Yes. I should have said no more than that the %d *may* not be wrong.
Some implementations might ignore what they might know of strlen thus
rendering the format, oddly, OK. This is probably no more than
Francine Neary was saying in the first place -- I have not added
anything!

Your other point, elsewhere, that once there is one UB all bets are
off makes this sort of exercise rather odd.

 

[William Hughes]

Eric Sosman wrote, On 19/08/07 15:43:

[...]
No I believe malloc(0) can never return null -

Would reading section 7.20.3 paragraph 1 of the language
Standard alter your belief?

"[...] If the size of the space requested is zero,
the behavior is implementation-defined: either a
null pointer is returned, or the behavior is as if
the size were some nonzero value, except that the
returned pointer shall not be used to access an object."

after all, how could it
not be possible to allocate 0 bytes of memory!

Most likely, because it fails to allocate the internal
bookkeeping space it uses for keeping track of the addresses
it has returned that have not yet been free()d.

There's a potentially interesting quibble here, for people
interested in quibbles. The Standard requires (same paragraph)
that memory obtained from malloc() be "disjoint" from all other
objects, which is not quite the same as requiring that it have
an address different from that of all other objects. Since the
value of malloc(0) cannot be used to access an object, it could
be argued that the program cannot test disjointness without
engaging in undefined behavior anyhow.

The following does not invoke undefined behaviour since you are always
allowed to test for equality (the first byte is 1 beyond the end which
is still OK or you could not free it)...

#include <stdlib.h>
#include <stdio.h>

int main(void)
{
void *p1 = malloc(0);
void *p2 = malloc(0);

if (p1==NULL || p2==NULL)
puts("At least one null pointer returned");
else if (p1==p2)
puts("Regions are not disjoint");
else
puts("Regions are disjoint");

free(p1);
free(p2);

return 0;

}

All this does is to check if p1 is the same as p2.
The question is

Does the fact that p1 = p2 mean that the memory area
pointed to by p1 is not disjoint to the memory area pointed
to by p2?

This clearly depends on the meaning assigned to disjoint. If we take

A memory area A is disjoint to a memory area B iff there does not
exist a byte that belongs to both A and B

then any two memory areas of zero bytes are disjoint, in particular,
a memory area of zero bytes is disjoint to itself.

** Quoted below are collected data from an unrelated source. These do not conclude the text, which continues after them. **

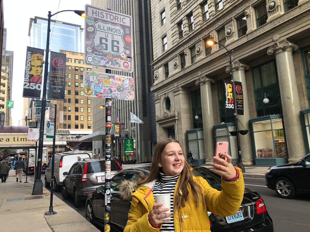 Chicago is home to the start of the iconic Route 66 and the road begins right next to the Starbucks where we had just had breakfast. We followed the route, taking numerous selfies and taking in more of the gorgeous architecture that is everywhere in this city on our way to the Skydeck.
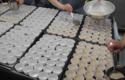 米粉・黒ざとう・さとうを混ぜたものをカップにひとつずつ流し入れた後、スチームコンベクションオーブンで蒸しました。
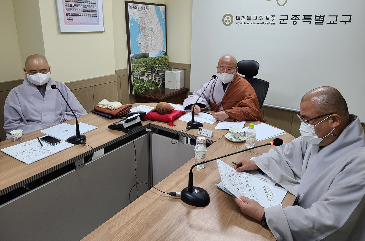 회의에서 교구장 선묵혜자 스님은 "코로나19가 종식돼 올해에는 법사님들과 얼굴을 직접 보며 회의를 하기를 기원해 본다."며 "군장병과 국민들의 건강과 안녕을 위해 기도해달라."고 당부했습니다.

So knowing that p1 is equal to p2 does not allow you to conclude
"Regions are not disjoint".

- William Hughes

 

[Flash Gordon]

Keith Thompson wrote, On 21/08/07 00:09:

On Sat, 18 Aug 2007 11:19:49 +0200, Antoninus Twink wrote:
main() { printf("%d\n",strlen(malloc(0))); }
Enumerating all of the reasons why this causes UB is left as an
exercise to the reader. [...]
6) Execution falls off the end of a non-void function without
returning a value.

That returns an undefined status, some people argue it does not invoke
undefined behaviour.

In C90, it returns an undefined status. IMHO that's not undefined
behavior; it only affects the behavior of the environment, which is
outside the scope of the standard.

By saying "some" I implied others did not thing that

In C99, since the function in question is main, a special rule says
that falling off the end is equivalent to 'return 0;'. (But then, in
C99 the 'main()' declaration is a constraint violation.)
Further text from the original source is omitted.